02-28-2024, 07:00 PM
02-29-2024, 08:55 AM
(02-28-2024 07:00 PM)ReinXXL Wrote: [ -> ]integral(ln(x+2)dx
answer: x*ln(x+2)-x+2*ln(x+2)-2
why is there a -2 at the end?
Why not? Indefinite integrals are always +/- any arbitrary constant value, of which "-2" is a special case. I assume this results from Xcas implementation.
02-29-2024, 02:25 PM
I had the same thought.

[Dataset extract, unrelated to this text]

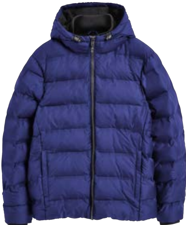
Coats (All Sizes: Adults and Children ages 1-16 years) Kindly only include new or gently used coats

Was wondering how/why XCAS came up with a constant equaling 2 as opposed to something else!
02-29-2024, 02:46 PM
Maybe it is the airspeed velocity of an unladen African sparrow?
02-29-2024, 03:42 PM
(02-29-2024 02:46 PM)KeithB Wrote: [ -> ]Maybe it is the airspeed velocity of an unladen African sparrow?
And because the airspeed velocity is negative (-2), perhaps it is flying backwards :)
02-29-2024, 04:31 PM
Why -2?
You can rewrite the answer x*ln(x+2)-x+2*ln(x+2)-2 as (x+2)*ln(x+2)-(x+2).
You can rewrite the answer x*ln(x+2)-x+2*ln(x+2)-2 as (x+2)*ln(x+2)-(x+2).
02-29-2024, 04:42 PM
(02-28-2024 07:00 PM)ReinXXL Wrote: [ -> ]why is there a -2 at the end?
We can consider the singularity at \(x=-2\) a natural lower bound of the definite integral.
This choice of the integral constant makes it \(0\) at that value:
\(
\begin{align}
F(x)
&= \int_{-2}^{x} \log(t+2) \; \mathrm{d}t \\
\\
&= (t+2) \log(t+2) - t \Big|_{-2}^x \\
\\
&= (x+2) \log(x+2) - x - 2 \\
\end{align}
\)
02-29-2024, 05:47 PM
02-29-2024, 06:23 PM
Not really mysterious, it's a linear change of variable.